The killing of 8-year-old Maddie Clifton by 14-year-old Joshua Phillips in Jacksonville has come to resemble an all-too-familiar pattern: Kids that turn into killers.
In recent months we have seen this frightening scenario played out in, among other places, Tampa and Orlando. These tragedies have led to a myriad of suggestions on how to best tackle the problem of youth violence.
Much of this discussion has been dominated by adults, who are often removed from the everyday realities of youth violence. So we thought it might be a good idea to hear the perspective of those closest to ground zero: kids themselves.
We commissioned Wirthlin Worldwide, the internationally respected polling firm, to conduct a survey of 500 youth between the ages of 13 to 18. The results of the survey surprised us, and paint a picture of teenagers more aware than we think of the societal and family problems around them.

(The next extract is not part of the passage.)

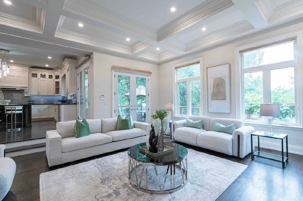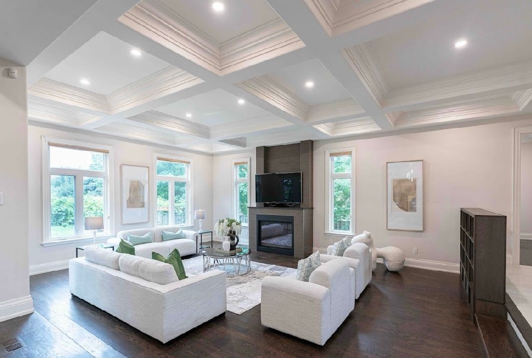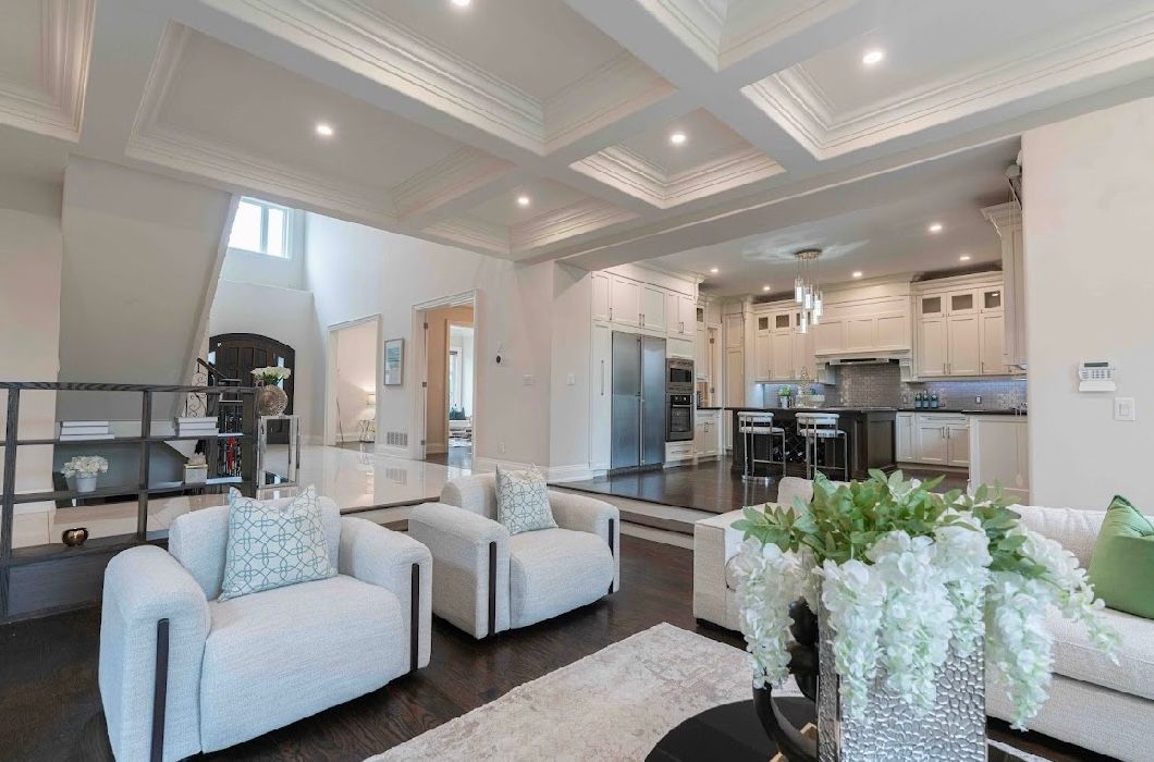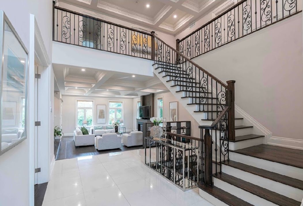 • Elegant entrance with a stunning coffered ceiling and stone foyer.

For example, teens are not mindless consumers of today's popular culture. An amazing 54 percent of those teens surveyed agreed that "Violence in music and on TV encourages youth violence." Young teens, particularly 13-14 year olds, were even more convinced that it was a factor: nearly two-thirds (66 percent). Indeed, the vast majority of teens (86 percent) who agreed that violence in entertainment encouraged youth violence believe "There should be efforts to reduce the amount of violence in music and on TV." This despite the fact that teens are by far the largest consumers in the country of popular music and television programs that depict violence.
Teens also prove to be keen observers of the breakdown of the family. Perhaps they have seen it among their own circle of friends, or among their classmates. Whatever the reason, 68 percent of our teenagers believe that "Youth are more likely to be violent and commit crimes when their fathers are absent from the home."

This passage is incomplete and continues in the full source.